*Exercise instructions*:
Could you repeat the entries below exactly, but only from the line with "Adorable Baby Lamb" through the line with "Women's black linen", and without any picture?

*Data to examine*:
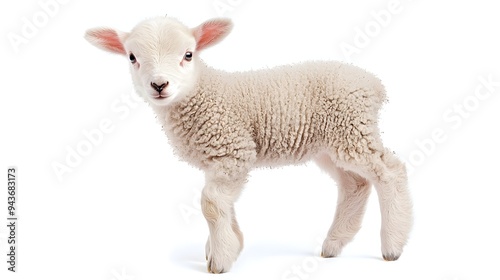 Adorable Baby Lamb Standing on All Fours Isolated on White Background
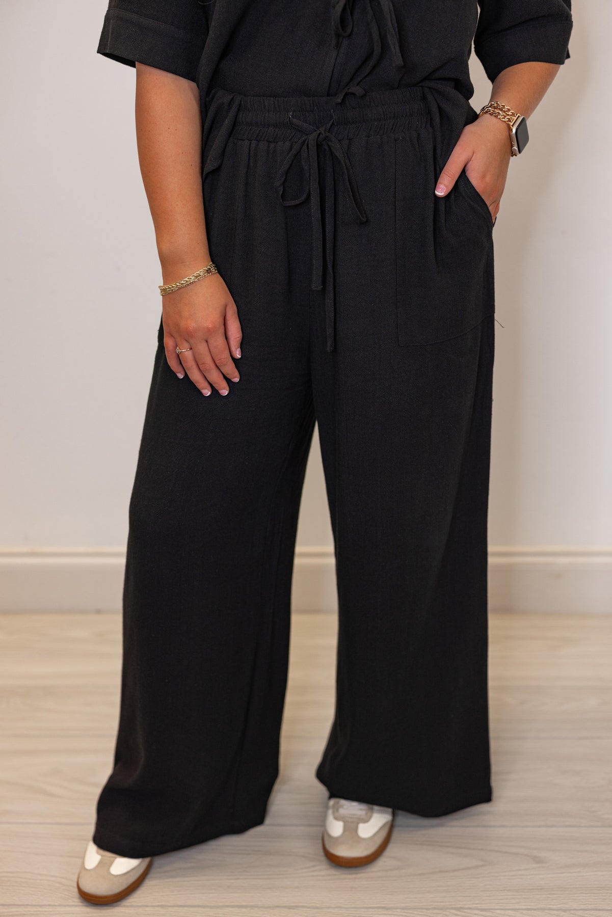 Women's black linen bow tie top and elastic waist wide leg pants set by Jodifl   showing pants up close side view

==

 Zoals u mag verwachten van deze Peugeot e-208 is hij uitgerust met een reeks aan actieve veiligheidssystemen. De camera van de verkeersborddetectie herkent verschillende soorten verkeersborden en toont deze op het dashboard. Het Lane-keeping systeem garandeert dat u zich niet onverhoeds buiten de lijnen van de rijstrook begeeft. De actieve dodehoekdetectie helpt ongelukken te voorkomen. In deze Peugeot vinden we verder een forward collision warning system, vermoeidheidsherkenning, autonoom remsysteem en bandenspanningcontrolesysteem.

* * *

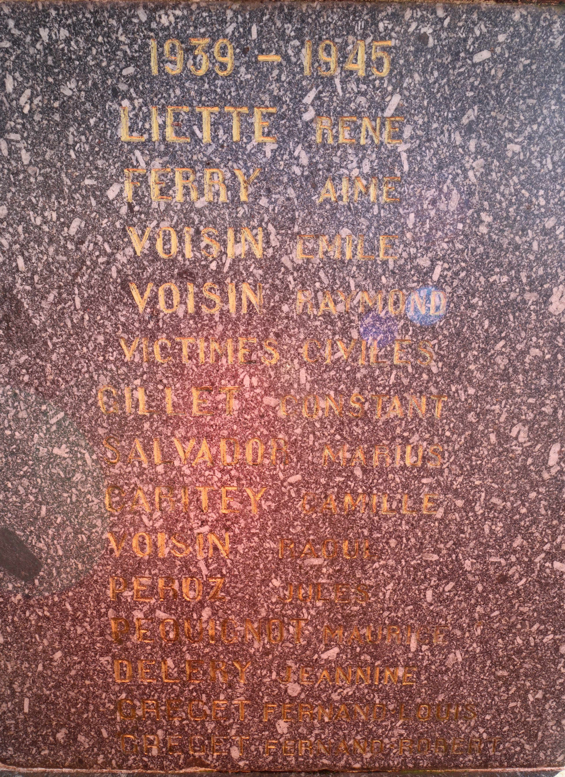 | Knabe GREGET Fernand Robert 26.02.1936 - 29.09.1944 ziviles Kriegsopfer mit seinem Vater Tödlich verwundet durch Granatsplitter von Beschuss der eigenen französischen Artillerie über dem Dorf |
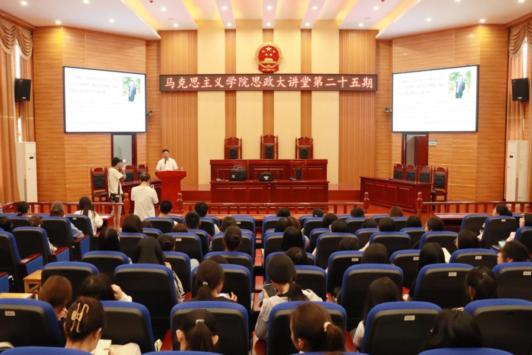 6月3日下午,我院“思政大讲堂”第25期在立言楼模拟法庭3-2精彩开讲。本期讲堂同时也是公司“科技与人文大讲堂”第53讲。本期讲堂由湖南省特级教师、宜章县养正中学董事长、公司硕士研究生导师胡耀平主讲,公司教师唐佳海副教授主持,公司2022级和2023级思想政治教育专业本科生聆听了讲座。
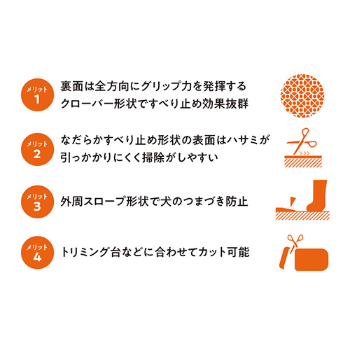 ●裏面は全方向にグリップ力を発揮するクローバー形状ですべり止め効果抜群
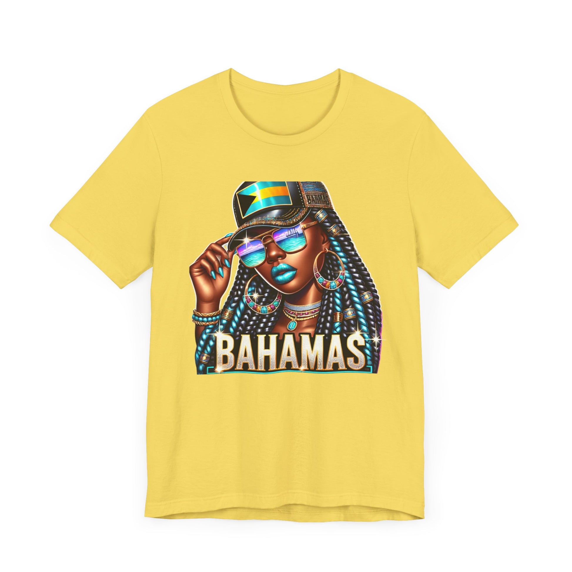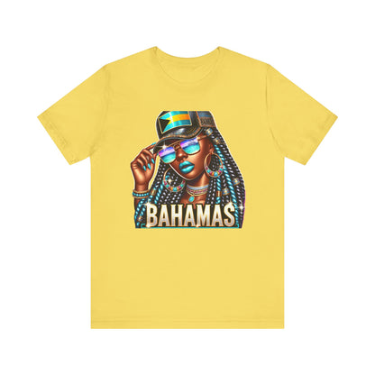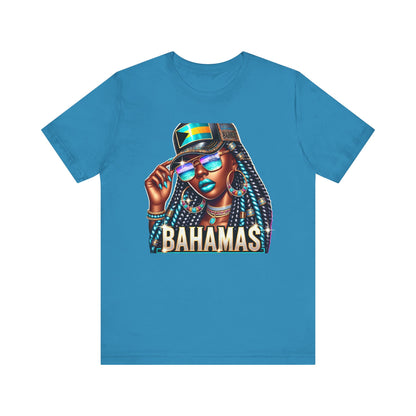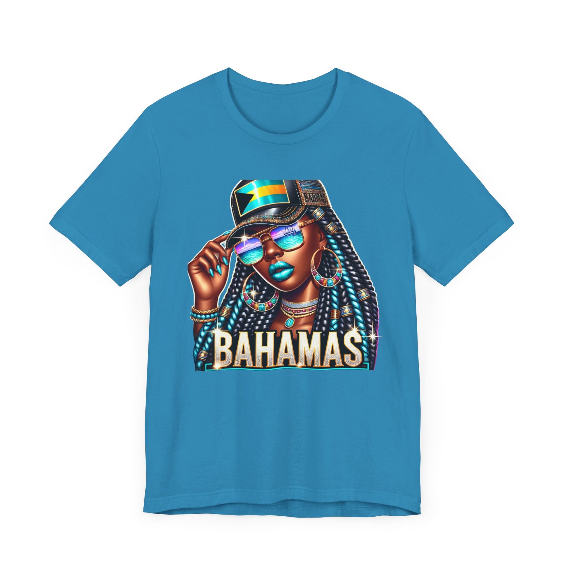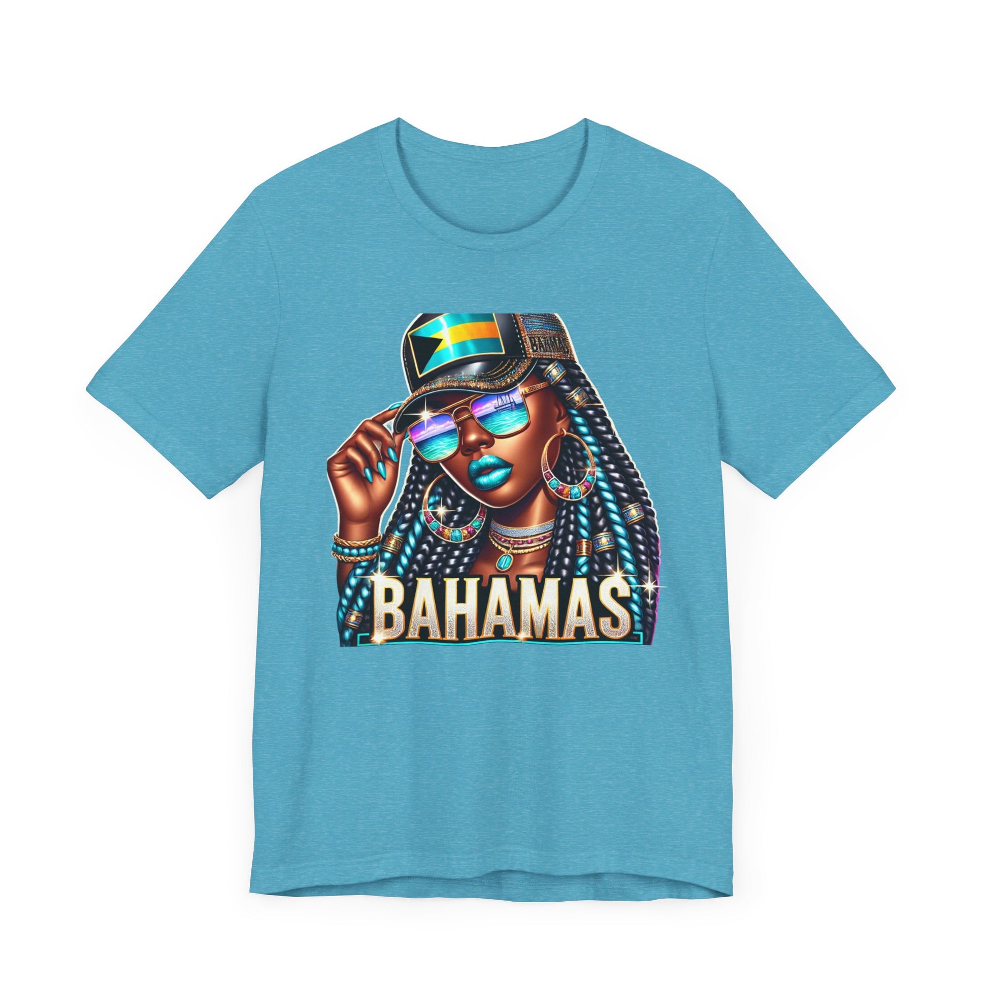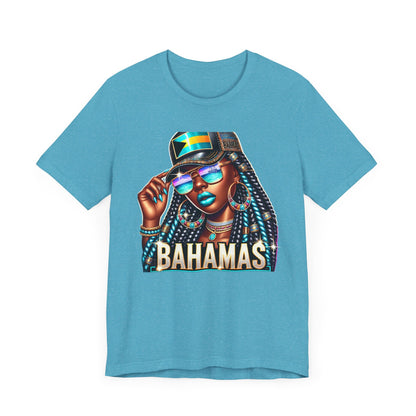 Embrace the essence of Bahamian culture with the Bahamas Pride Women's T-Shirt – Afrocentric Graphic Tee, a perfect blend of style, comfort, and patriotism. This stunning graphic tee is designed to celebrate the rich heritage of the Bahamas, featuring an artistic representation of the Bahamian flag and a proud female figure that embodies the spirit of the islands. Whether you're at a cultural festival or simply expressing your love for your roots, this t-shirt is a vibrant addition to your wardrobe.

*Written response*:
 Adorable Baby Lamb Standing on All Fours Isolated on White Background
 Women's black linen bow tie top and elastic waist wide leg pants set by Jodifl   showing pants up close side view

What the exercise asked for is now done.